Task >>
An exact, picture-free copy of the listing is required.

Dataset section >>

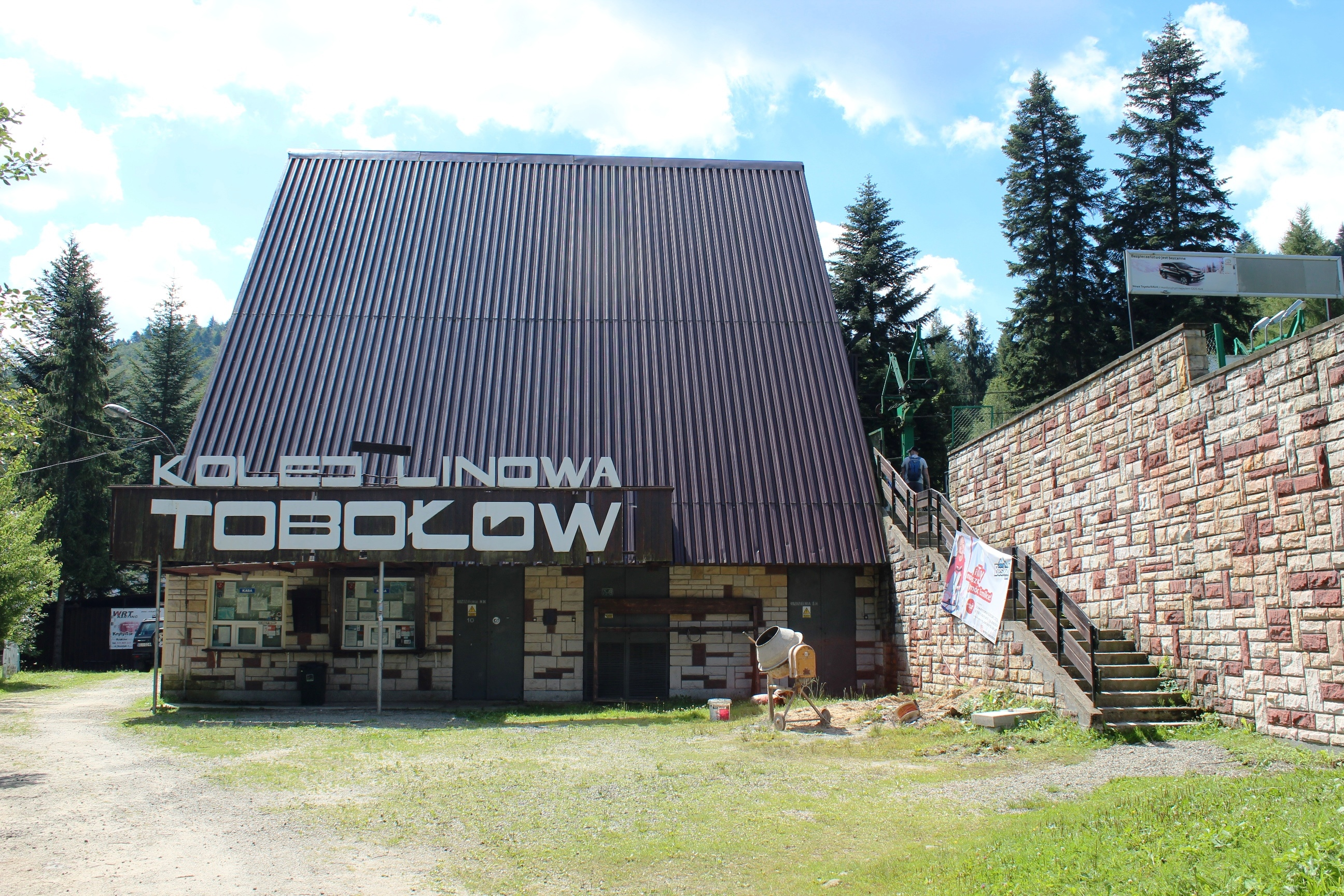 Tobołów Chairlift
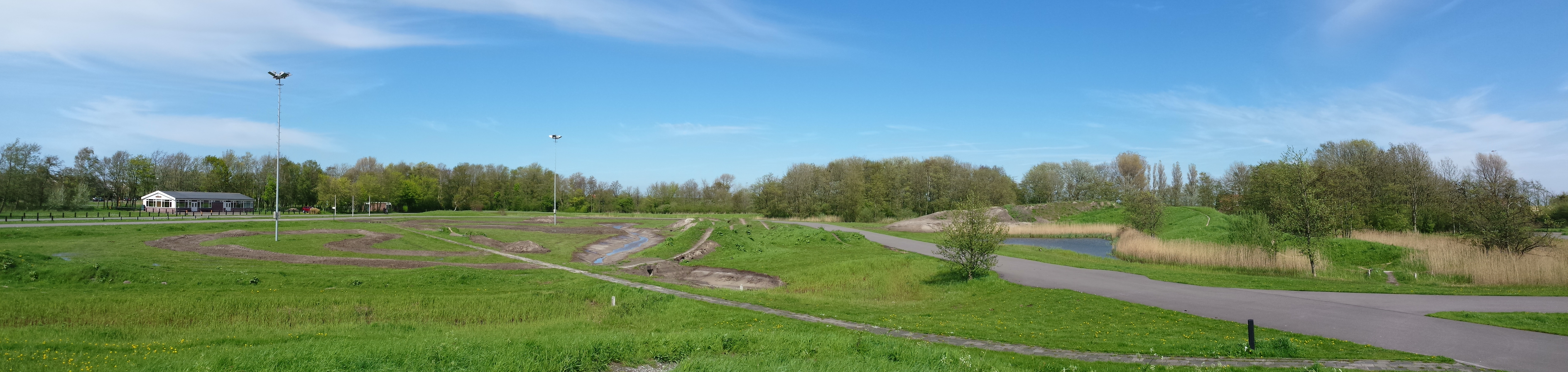 Cycling terrain in Den Helder
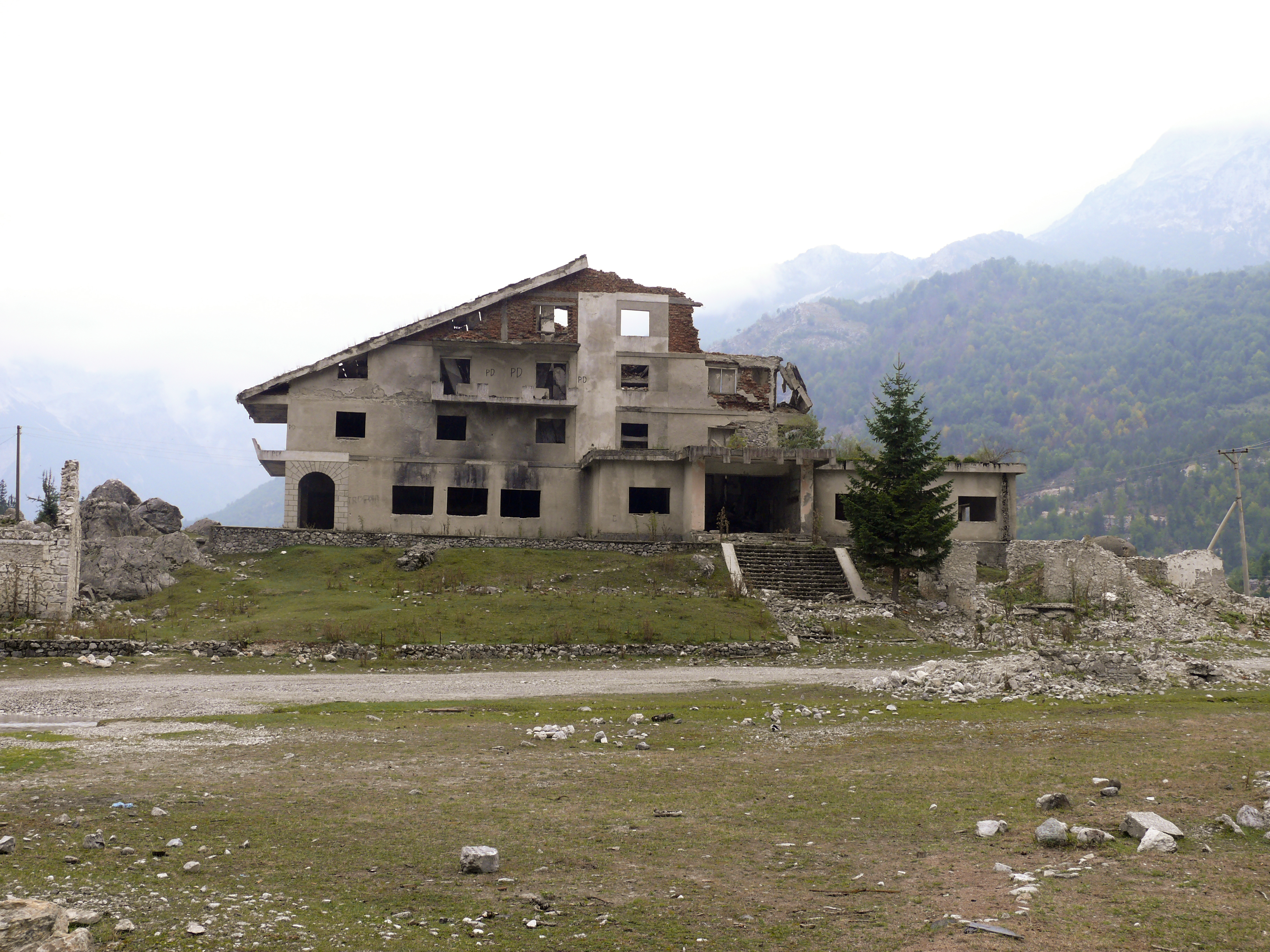 Destroyed hotel in Valbona

Output of the task >>
 Tobołów Chairlift
 Cycling terrain in Den Helder
 Destroyed hotel in Valbona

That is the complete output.